Stagnacja w sercu IBM. Gigant ukrywa poważny problem

1 dzień temu
Zdjęcie: ibm


IBM od lat konsekwentnie repozycjonuje się jako firma „AI-first”, budując narrację wokół integracji sztucznej inteligencji z klasyczną infrastrukturą. Wyniki za drugi kwartał 2025 roku pokazują jednak, iż choćby najlepiej zaprojektowana transformacja może nie rozwiązać głębszych problemów strukturalnych – szczególnie w obszarze oprogramowania.

Choć IBM przekroczył oczekiwania analityków pod względem całkowitych przychodów (16,98 mld USD) i zysków operacyjnych (2,80 USD na akcję), firma nie była w stanie przekonać rynku co do stabilności wzrostu w najbardziej strategicznych liniach biznesowych. Segment infrastruktury – wsparty rosnącym popytem na nowe mainframe z funkcjami AI – przyniósł 4,14 mld USD przychodu, co stanowi jedno z lepszych osiągnięć kwartału. Ale to nie hardware miał być dziś motorem wzrostu IBM.

Oprogramowanie, które od lat stanowiło najpewniejszy filar przychodów firmy, nie dostarczyło wyników na poziomie oczekiwań. 7,39 mld USD sprzedaży w tym segmencie to symboliczne niedobicie prognoz, ale istotne w kontekście narracji IBM jako dostawcy nowoczesnych rozwiązań biznesowych. Firma wskazuje, iż klienci przesuwają środki z usług transakcyjnych – typowo obsługiwanych przez software – na zakup nowego sprzętu, co tymczasowo wypacza obraz popytu. Tyle iż to tłumaczenie nie adresuje głębszego problemu: stagnacji innowacyjnej w ofercie oprogramowania.

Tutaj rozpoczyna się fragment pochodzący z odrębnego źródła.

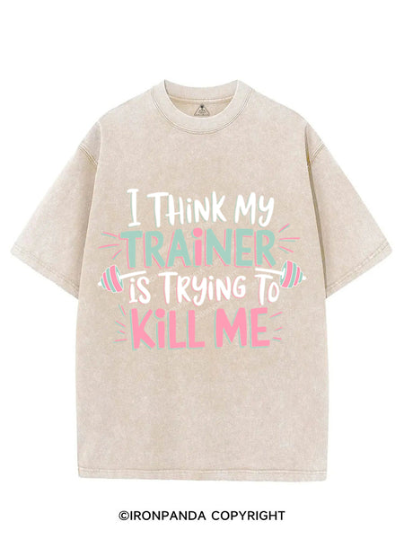 I THINK MY TRAINER IS TRYING TO KILL ME VINTAGE GYM SHIRT
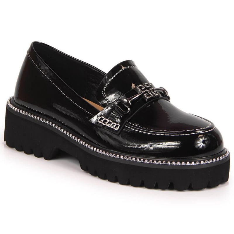 Boty se vyznačují nízkým modelem, díky kterému se skvěle hodí k mnoha stylům. Vyrobeny z vysoce kvalitní ekologické kůže poskytují nejen atraktivní vzhled, ale také odolnost. Lakovaný svršek jim dodává charakteristický lesk, který přitahuje pozornost. Kulatý nos dodává jemnost a kamínky jako další dekorativní prvek dodávají punc originality.

Z kolei dział konsultingu po raz pierwszy od sześciu kwartałów zanotował wzrost (3%), co pokazuje, iż rynek szuka wiedzy w obszarze AI. Jednak sam IBM jest ostrożny w ocenie, na ile ten trend przełoży się na trwały wzrost.

Warto odnotować, iż firma nie przedstawiła prognoz na trzeci kwartał, kontynuując politykę ograniczonej transparentności zapoczątkowaną w kwietniu. To sygnał, iż zarząd nie ma pełnej pewności co do kierunku rozwoju popytu w krótkim terminie.